| Data to use |
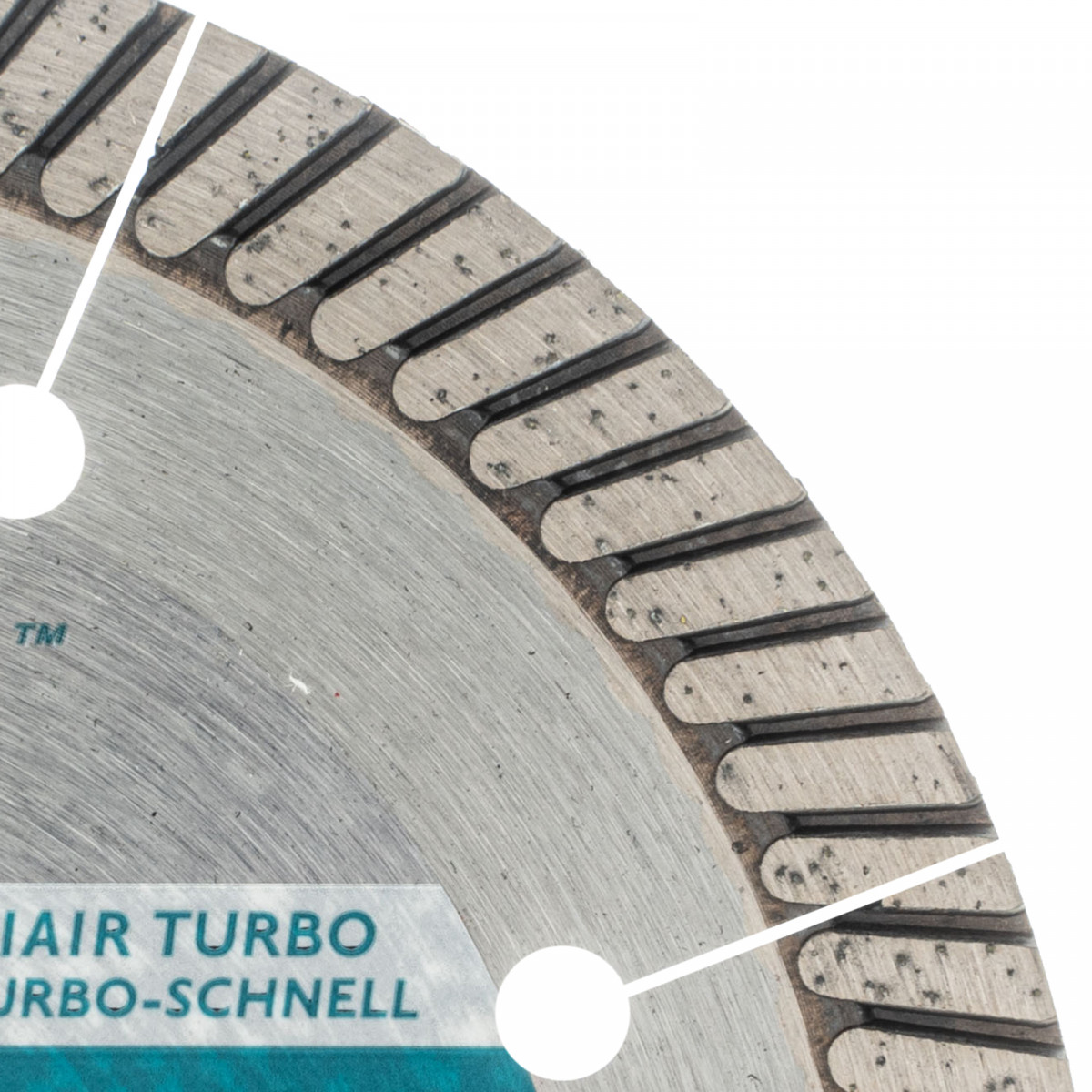 - Эффективность — турбированная режущая часть с высокой концентрацией алмазов размером 40-50 мкм обеспечивает высокую скорость резки без водяного охлаждения.
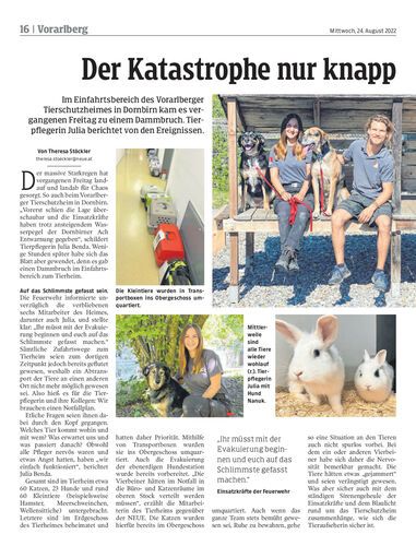 Im Einfahrtsbereich des Vorarlberger Tierschutzheimes in Dornbirn kam es vergangenen Freitag zu einem Dammbruch. Tierpflegerin Julia berichtet von den Ereignissen.
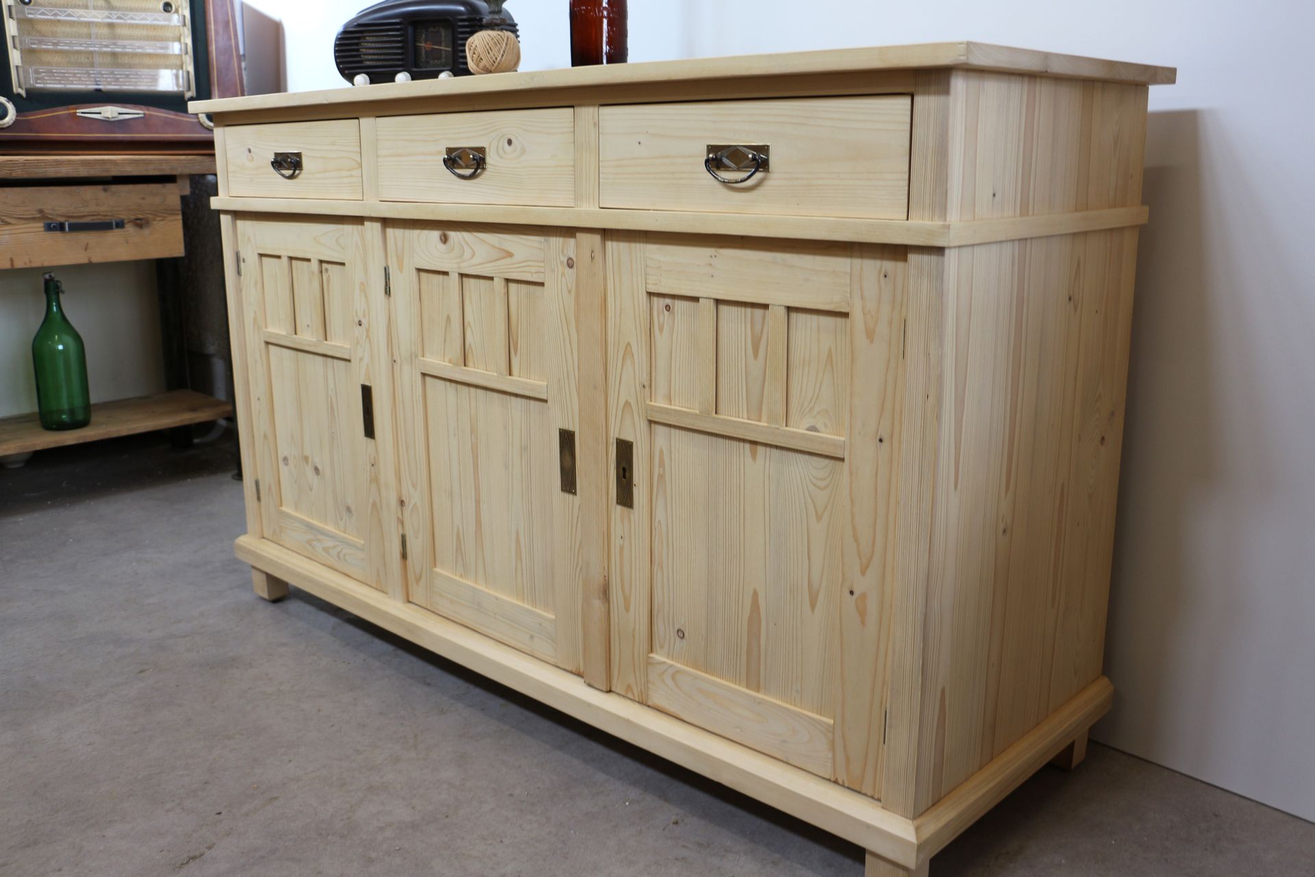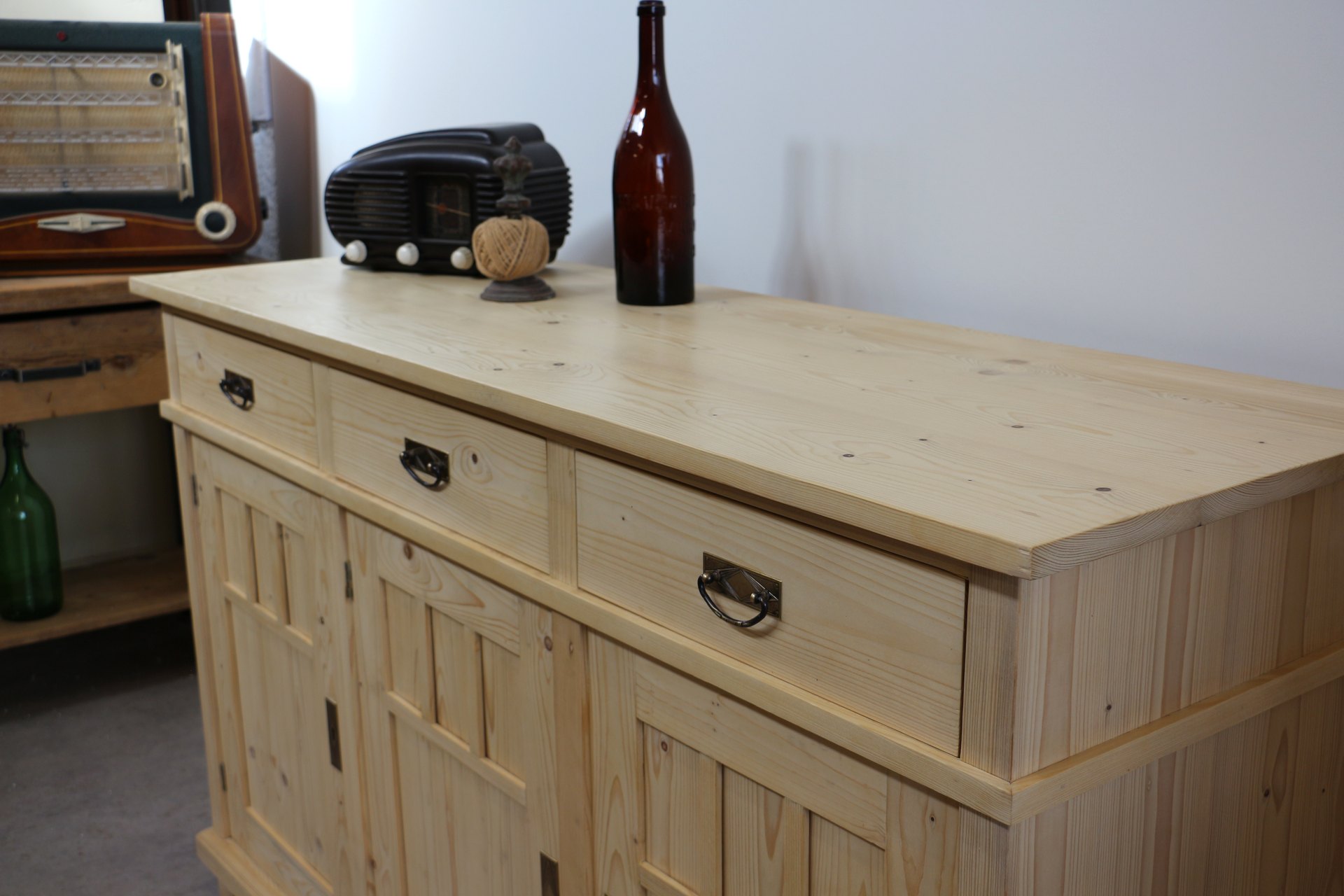 Hochwertige Jugendstil Kommode aus massivem Fichtenholz, neu gefertigt als Nachbau nach traditionellen Tischlertechniken.
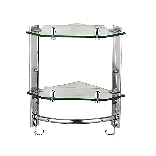 YIHANSS Kitchen Shelf Creative Bathroom Lavatory Double Glass Wall Mount Towel Bar Rustproof Stainless Steel Storage Corner Stand Shower Caddy 2 Tier Bath Organizer Holder with 4 Hooks
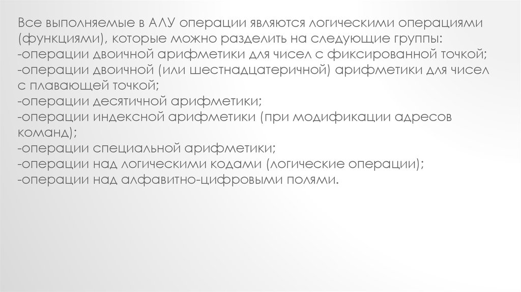 Все выполняемые в АЛУ операции являются логическими операциями(функциями), которые можно разделить на следующие группы:
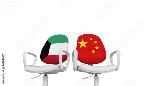 © ink drop, Fototapeta premium Kuwait and China business chairs. International relationship concept. 3D Rendering
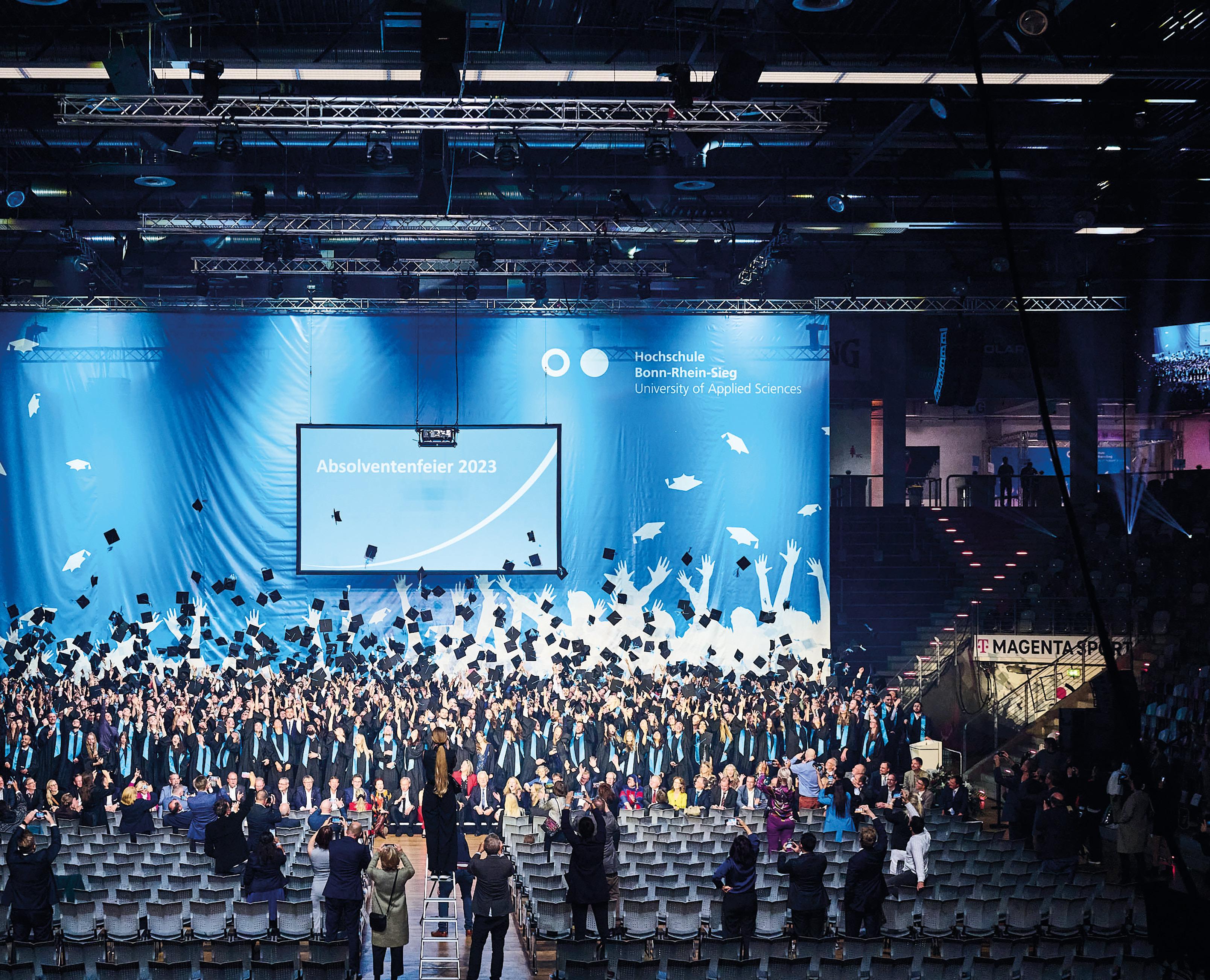 At the end of the academic year, it is time for the hat toss – and that is exactly what around 600 graduates of Hochschule BonnRhein-Sieg – University of Applied Sciences did on 21 October 2023 at the Telekom Dome in Bonn. Years of intensively studying of mathematics, computer science and technical knowledge, natural sciences and social policy came to a crowning conclusion in the festively decorated Telekom Dome. A total of 3,000 guests filled the arena. In addition to the graduates, their families and friends were also present, as well as prominent figures from politics, business, society and the scientific community. The guest speaker was Thomas Ogilvie, Chief Human Resources Officer at Deutsche Post DHL.
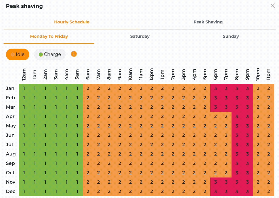 Simula Peak Shaving y visualiza el detalle energético de cada hora de cada día.
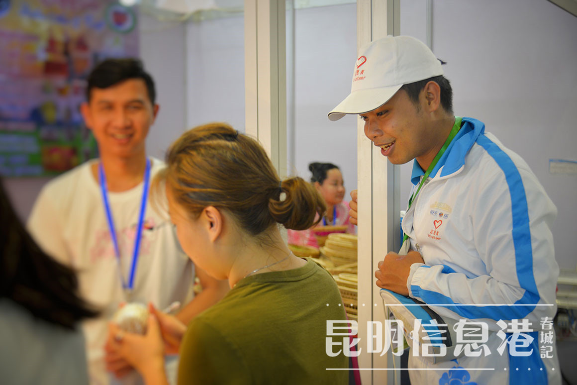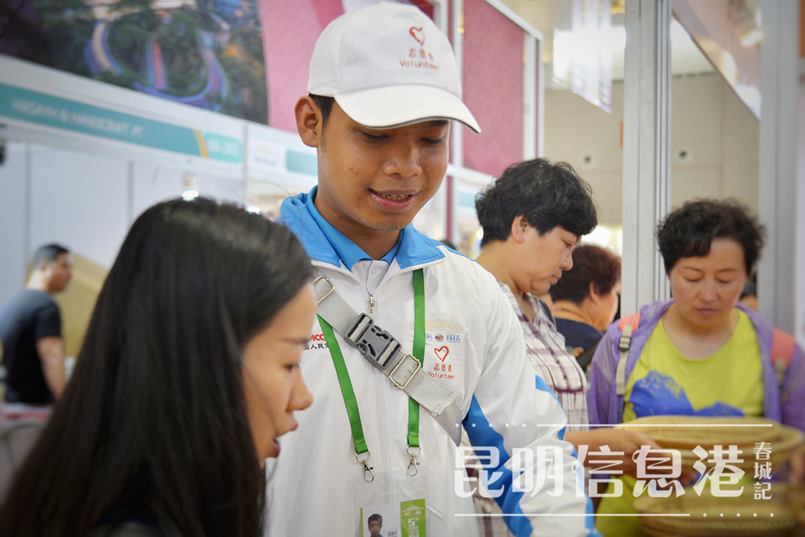 在参展商与市民愉快买卖的同时,有这么一群人,他们头顶白色球帽,身着蓝白相间的运动服,挎一个灰色腰包,每天穿梭在熙熙攘攘的人群中,为参展市民与南博会的沟通搭建桥梁。他们有一个共同的名字——志愿者。来自柬埔寨的孔星驰(Khemra Ratanak)便是其中一朵“小白云”。
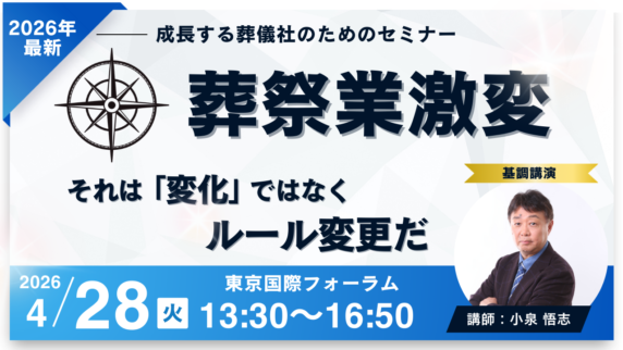 はじめまして。本セミナーで基調講演「葬祭業激変、変化ではなくルール変更!!」を担当する、小泉です。近年、葬儀業界では「件数が減っている」「単価が下がっている」「競争が激しくなっている」といった声を多く耳にします。しかし、現場で数多くの葬儀社...
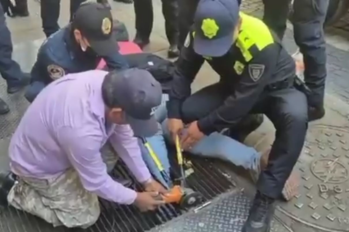 Mujer se atora en la rejilla de
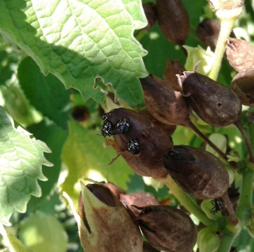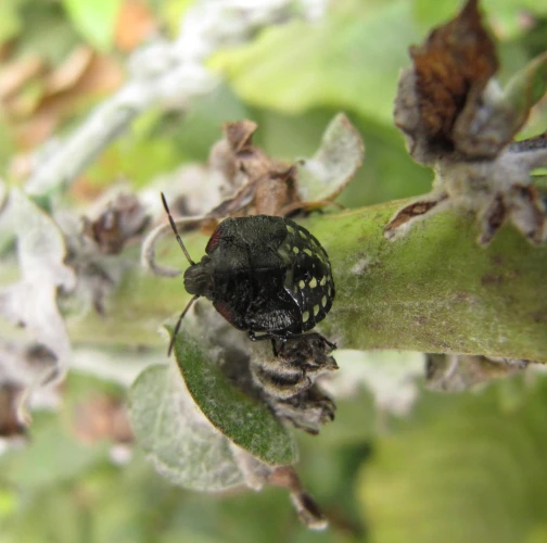The insect attacks over 150 host plant species, including fruit trees, vegetables (e.g., tomatoes, peppers), cereals, and fruits. Adults and nymphs pierce plant tissues with their piercing-sucking mouthparts, feeding on sap from stems, leaves, and fruits. This feeding causes deformation, discoloration, and premature fruit drop, significantly impacting the market value and yield of crops. In addition to direct feeding damage, N. viridula may act as a vector for fungal pathogens.

| Work instructions |
Leaving out the pictures, please transcribe exactly the lines from the one that holds "Hochwertige Jugendstil Kommode" through the last line of the entries above, both included.

| Written answer |
 Hochwertige Jugendstil Kommode aus massivem Fichtenholz, neu gefertigt als Nachbau nach traditionellen Tischlertechniken.
 YIHANSS Kitchen Shelf Creative Bathroom Lavatory Double Glass Wall Mount Towel Bar Rustproof Stainless Steel Storage Corner Stand Shower Caddy 2 Tier Bath Organizer Holder with 4 Hooks
 Все выполняемые в АЛУ операции являются логическими операциями(функциями), которые можно разделить на следующие группы:
 © ink drop, Fototapeta premium Kuwait and China business chairs. International relationship concept. 3D Rendering
 At the end of the academic year, it is time for the hat toss – and that is exactly what around 600 graduates of Hochschule BonnRhein-Sieg – University of Applied Sciences did on 21 October 2023 at the Telekom Dome in Bonn. Years of intensively studying of mathematics, computer science and technical knowledge, natural sciences and social policy came to a crowning conclusion in the festively decorated Telekom Dome. A total of 3,000 guests filled the arena. In addition to the graduates, their families and friends were also present, as well as prominent figures from politics, business, society and the scientific community. The guest speaker was Thomas Ogilvie, Chief Human Resources Officer at Deutsche Post DHL.
 Simula Peak Shaving y visualiza el detalle energético de cada hora de cada día.
 在参展商与市民愉快买卖的同时,有这么一群人,他们头顶白色球帽,身着蓝白相间的运动服,挎一个灰色腰包,每天穿梭在熙熙攘攘的人群中,为参展市民与南博会的沟通搭建桥梁。他们有一个共同的名字——志愿者。来自柬埔寨的孔星驰(Khemra Ratanak)便是其中一朵“小白云”。
 はじめまして。本セミナーで基調講演「葬祭業激変、変化ではなくルール変更!!」を担当する、小泉です。近年、葬儀業界では「件数が減っている」「単価が下がっている」「競争が激しくなっている」といった声を多く耳にします。しかし、現場で数多くの葬儀社...
 Mujer se atora en la rejilla de
The insect attacks over 150 host plant species, including fruit trees, vegetables (e.g., tomatoes, peppers), cereals, and fruits. Adults and nymphs pierce plant tissues with their piercing-sucking mouthparts, feeding on sap from stems, leaves, and fruits. This feeding causes deformation, discoloration, and premature fruit drop, significantly impacting the market value and yield of crops. In addition to direct feeding damage, N. viridula may act as a vector for fungal pathogens.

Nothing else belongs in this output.